Talking about Media Matters’ report, X pointed out that the organization “created an alternate account” and curated the content appearing on the account’s timeline. They then “repeatedly refreshed” the account timelines to find “rare instances of ads serving next to the content they chose to follow.”

“Our logs indicate that they forced a scenario resulting in 13 times the number of ads served compared to the median ads served to an X user.”

One of the brands whose ads were allegedly shown next to a pro-Nazi post per the Media Matters report had very low exposure, X said. The platform pointed out that this brand’s ads were only shown adjacent to the post two times and that only two individuals, one of whom is the author of the Media Matters report, had been exposed to this.

Speaking to The Epoch Times, the X executive said that the platform has implemented “stronger Brand Safety and Suitability” controls than other networks and that these are capabilities that never existed in 17 years of Twitter.

“So far this year, 99 percent of measured ad placements have appeared adjacent to content scoring above the brand safety ‘floor’ criteria set by GARM, per 3rd party data,” the executive stated. GARM refers to the Global Alliance for Responsible Media.

Musk and Anti-Semitic Charge

The exodus of big brands from X comes as Mr. Musk is also attracting criticism for allegedly passing anti-Semitic statements. In a comment, Mr. Musk agreed to a controversial post that accused Jewish communities of pushing “dialectical hatred against whites that they claim to want people to stop using against them.”

Mr. Musk later clarified that “this does not extend to all Jewish communities” and placed blame on groups like Jewish advocacy Anti-Defamation League (ADL).

He insisted that ADL “unjustly attacks the majority of the West, despite the majority of the West supporting the Jewish people and Israel. This is because they cannot, by their own tenets, criticize the minority groups who are their primary threat. It is not right and needs to stop.”

Responding to Mr. Musk’s comments on the controversial post, Jonathan Greenblatt, the CEO of ADL, said in a Nov. 16 X post: “At a time when anti-Semitism is exploding in America and surging around the world, it is indisputably dangerous to use one’s influence to validate and promote anti-Semitic theories.”

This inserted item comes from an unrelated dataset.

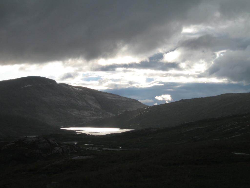 Dag 5 Viveli – Stavali 20 km 5,5 timer i følge DNT. Vi fulgte Vivo sydover. Mere myr ga påfyll i støvlene. Vi dreide vestover, passerte Vivhellerhamrane, gikk syd for Reinavatnet, kom ned til Lonavatnet og krysset Tverrelvi på bruer før vi ankom Staveli på 1024 m.o.h. Vi hadde i løpet av dagen vært oppe i ca 1200 m.o.h. Der er det stølsdrift om sommeren, og hytta er delvis betjent. Vi koste oss med rømmegrøt og spekemat på kvelden. Godt å slippe matlaging. Men morgenen etter var det vask i følge liste i gangen. (bilder 070 – 076)

The White House also condemned Mr. Musk’s comments. “It is unacceptable to repeat the hideous lie behind the most fatal act of Anti-Semitism in American history at any time, let alone one month after the deadliest day for the Jewish people since the Holocaust,” said White House spokesperson Andrew Bates, according to Axios.

Linda Yaccarino, the CEO of X, said in a Nov. 17 X post that the platform’s point of view “has always been very clear that discrimination by everyone should STOP across the board—I think that’s something we can and should all agree on.”

“When it comes to this platform—X has also been extremely clear about our efforts to combat anti-Semitism and discrimination. There’s no place for it anywhere in the world—it’s ugly and wrong. Full stop.”

Speaking to Variety, a Lionsgate spokesperson cited Mr. Musk’s “recent anti-Semitic tweet” as a reason for suspending advertisements on the platform.

Meanwhile, Mr. Musk pointed out in a Nov. 18 post that “many of the largest advertisers are the greatest oppressors of your right to free speech.”